For years, we've debated just how seriously we should be taking this hobby of ours with a single question: are games art?

Hi, How Are You? doesn't necessarily get us any closer to an answer, but it is at least a game about art.

Inspired by the works of independent artist Daniel Johnston, Hi, How Are You? interactively illustrates the American's Austin (and similarly titled) mural of the same title. Said mural's star - a frog named Jeremiah - takes the lead role here, too, the idea being to guide him through a series of 3D levels seemingly lifted straight out of Johnston's brain.

While Hi, How Are You? is visually unique, its gameplay is made up of a mix of classic franchises. What starts off as a simple platform adventure to save a girl from the clutches of evil slowly tips toward a light puzzle game.

Each level has you lighting up green squares that make up the stage's floor, while perilous moving platforms and sheer drops prevent easy access. Lighting up these squares requires nothing more than contact, meaning a lot of time is spent planning your route to avoid switching off lights by touching them twice.

Doing so relies on deft navigation, and both controls and 3D visuals are equipped to deliver in that regard. Initially placing you behind Jeremiah, the game also allows you to spin the view a full 360 degrees, meaning you can twist your aspect to suit each level's snaking design.
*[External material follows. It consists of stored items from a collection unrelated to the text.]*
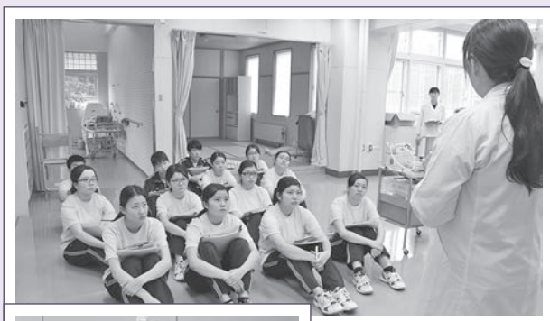
3. 実習室の片付けを終わった後、学習のまとめを行います。
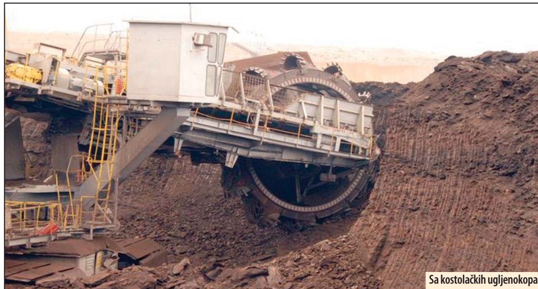
Sa kostolačkih ugljenokopa

Kostolac - Ogranak „TE-KO Kostolac“ ostvaruje ovogodišnje proizvodne planove u rudarskom sektoru, konstatuje izvor EPS Energija. Za sedam meseci rada na Površinskom kopu „Drmno“ iskopane su 4.772.762 tone uglja, što je na nivou plana.
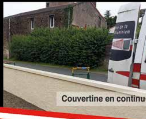
Couvertine en continu

ALU GOUTTI 85 85190 Maché www.alugoutti.fr
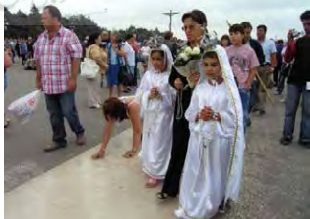
تصویر ۷: زیارتگاه فاطیما، لیسبون، پرتغال.
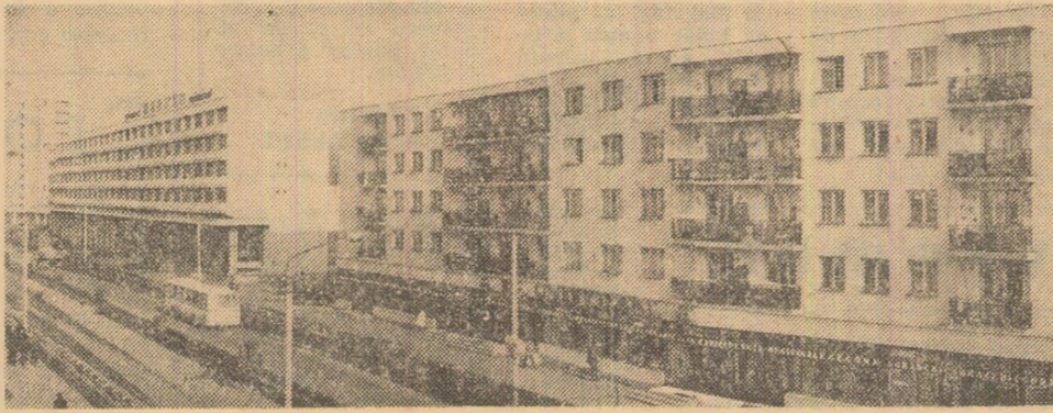
Noi dimensiuni urbane la Bistrița
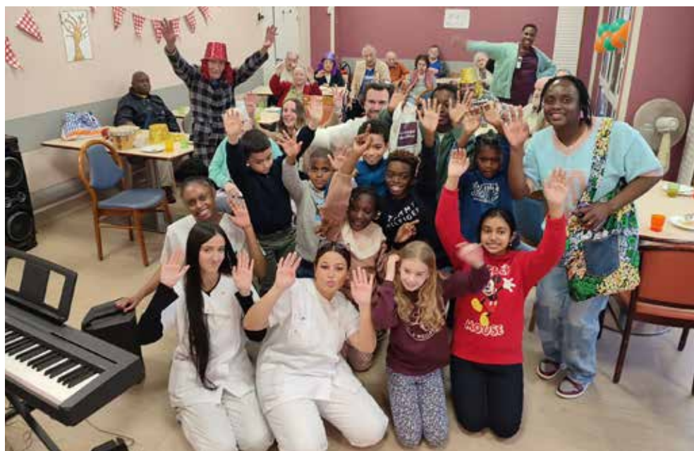
Jeunes artistes et aînés, prêts à partager encore de beaux moments.

Ils l'ont fait ! Le 26 novembre, les jeunes pianistes et batteurs du Centre musical et artistique (CMA) ont donné un concert aux aînés de l'Ehpad Marcel-Paul. Une heure de musique, de joie et de bonne humeur pour ce doux moment 100% intergénérationnel. De traditionnels chants de Noël aux incontournables de la musique classique en passant par... Gims, les aînés de l'établissement ont poussé la chansonnette jusqu'à rejoindre la piste de

Jeremiah himself is far from speedy. A tip in each direction moves him and a couple of on-screen stop buttons bring him to a halt in sticky areas.

He can also leap a short height into the air, a tap sending him skywards and enabling him to reach higher platforms. Though with springs and lifts commonplace, it's fair to say that most levels are self propelling.

Hi, How Are You? almost acts as a tutorial for gaming newcomers, schooling balance, timing and patience. The design of the levels themselves is a subtle nod to Mario's 3D exploits, while the navigation and the mere application of lighting up the pathway are akin to picking up bananas in Super Monkey Ball.

What really ties these two elements together is the game's look, both in terms of Johnston's artistry and its superb take on 3D. If nothing else, Hi, How Are You? sets a new iPhone benchmark aesthetically.

There are some structural issues that prevent it from being flawless, though. Memory points set off along the way mean purposefully falling off the edge or getting squashed by a foe is often an easier way out than actually playing ball and working your way back from far off ledges.

With no consequences for dying, success feels hollow - the only reason to keep playing is the desire to see what's around the corner. That's hardly the most damning slight, but Hi, How Are You? is a little naive and, as a result, a good tweak here and there away from becoming a bona fide masterpiece.